2. Comment évaluer le rôle de l’expertise internationale et de la circulation des normes sans nécessairement glisser sur le terrain conceptuel du « nomadisme » ? Quels en sont les contenus et les effets, les difficultés de coordination et les contreperformances, auprès de responsables urbains ou de citadins les uns comme les autres identifiés comme « cibles » d’intervention ?

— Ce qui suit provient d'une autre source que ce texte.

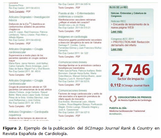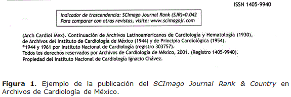 La necesidad de contar con un índice comparativo entre la calidad de las revistas, hizo surgir en su momento al Impact Factor (generalmente referido en español como factor de impacto, el uso de la palabra en español, es por lo menos cuestionable en este contexto; además, nos referiremos a este índice por su denominación en inglés ya que trata de un nombre propio y registrado). Desafortunadamente sólo tres revistas de este grupo cuentan con Impact Factor, Revista Española de Cardiología, Arquivos Brasileiros de Cardiologia y Revista Portuguesa de Cardiología. Surge entonces la necesidad de contar con un índice alternativo para poder comparar nuestras revistas. Se propone que en cada revista se incorpore en su página web su puntuación de SCImago Journal Rank & Country (SJR). Este indicador se basa en el algoritmo de Google Page Rank y está disponible para todas las revistas que figuren en Scopus (que son muchas más de las que figuran en el Citation Journal Reports de ISI-Thomson). Este índice de trascendencia, está disponible para un mayor número de revistas de nuestra red, incluyendo Revista Española de Cardiología, Archivos de Cardiología de México, Arquivos Brasileiros de Cardiologia, y Revista Argentina de Cardiología. Archivos de Cardiología de México y Revista Española de Cardiología ya han dado un paso en este sentido al incluir en su página de "legales" el índice de trascendencia correspondiente. El formato adoptado por Archivos de Cardiología de México incluye descripción en el índice con una pequeña leyenda abajo que reza "Para comparar con otras revistas, visite: http://www.scimagojr.com (Figura 1).En esta página se pueden obtener los índices de todas las revistas y el sitio web permite hacer comparaciones directas entre revistas en general, entre revistas de la especialidad e incluso entre revistas de un mismo país. En el caso de Revista Española de Cardiología han optado por presentar su índice al lado del Impact Factor (Figura 2).
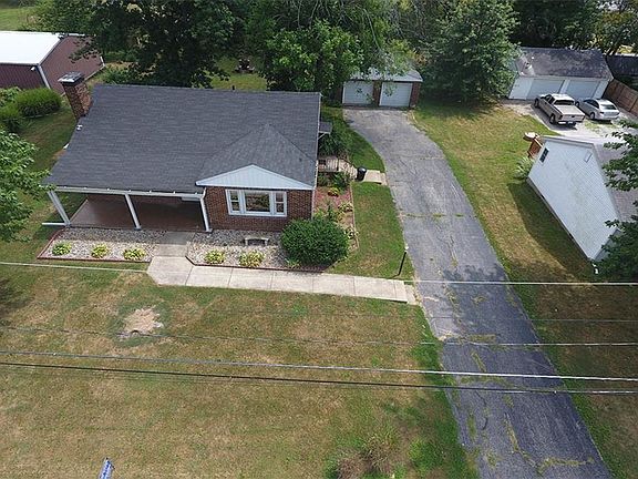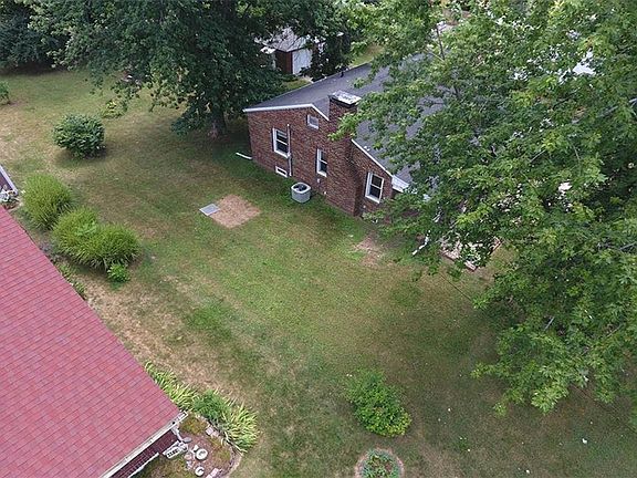 Brick 2 Bedroom Bungalow with walk-up attic. Newer Kitchen Cabinets, Nice Dining Room. Large Living Room with wood Burning Fireplace. Furnace and Central Air replaced in 2014. Some Replacement Windows. 2 car Detached Garage. Huge Yard (.77 Acre) Home Warranty being provided for buyer.

3. Quel rôle la mobilisation du sol joue-t-elle enfin dans les déterminations et les hésitations de l’action publique ? La maîtrise foncière est-elle revendiquée par l’État ou pour le compte de nouveaux entrepreneurs de normes ? Sert-elle des intérêts municipaux ? De petits propriétaires restés rentiers ? La sécurisation de la propriété transforme-t-elle plus généralement les arguments du contrôle territorial en ville ?

Modalités de soumission

Le présent appel à contributions constitue l’argumentaire du séminaire annuel porté par Monique Bertrand (IRD-Département Sociétés : juin 2013-juin 2014), en partenariat avec la revue Géocarrefour. Celle-ci assurera la publication de textes qui en seront issus et d’autres articles proposés par la communauté scientifique, en concertation avec la coordinatrice du numéro, conformément aux normes éditoriales de la revue.

Les textes devront être soumis

au 30 septembre 2014

et seront sélectionnés selon la procédure d’évaluation habituelle de la revue.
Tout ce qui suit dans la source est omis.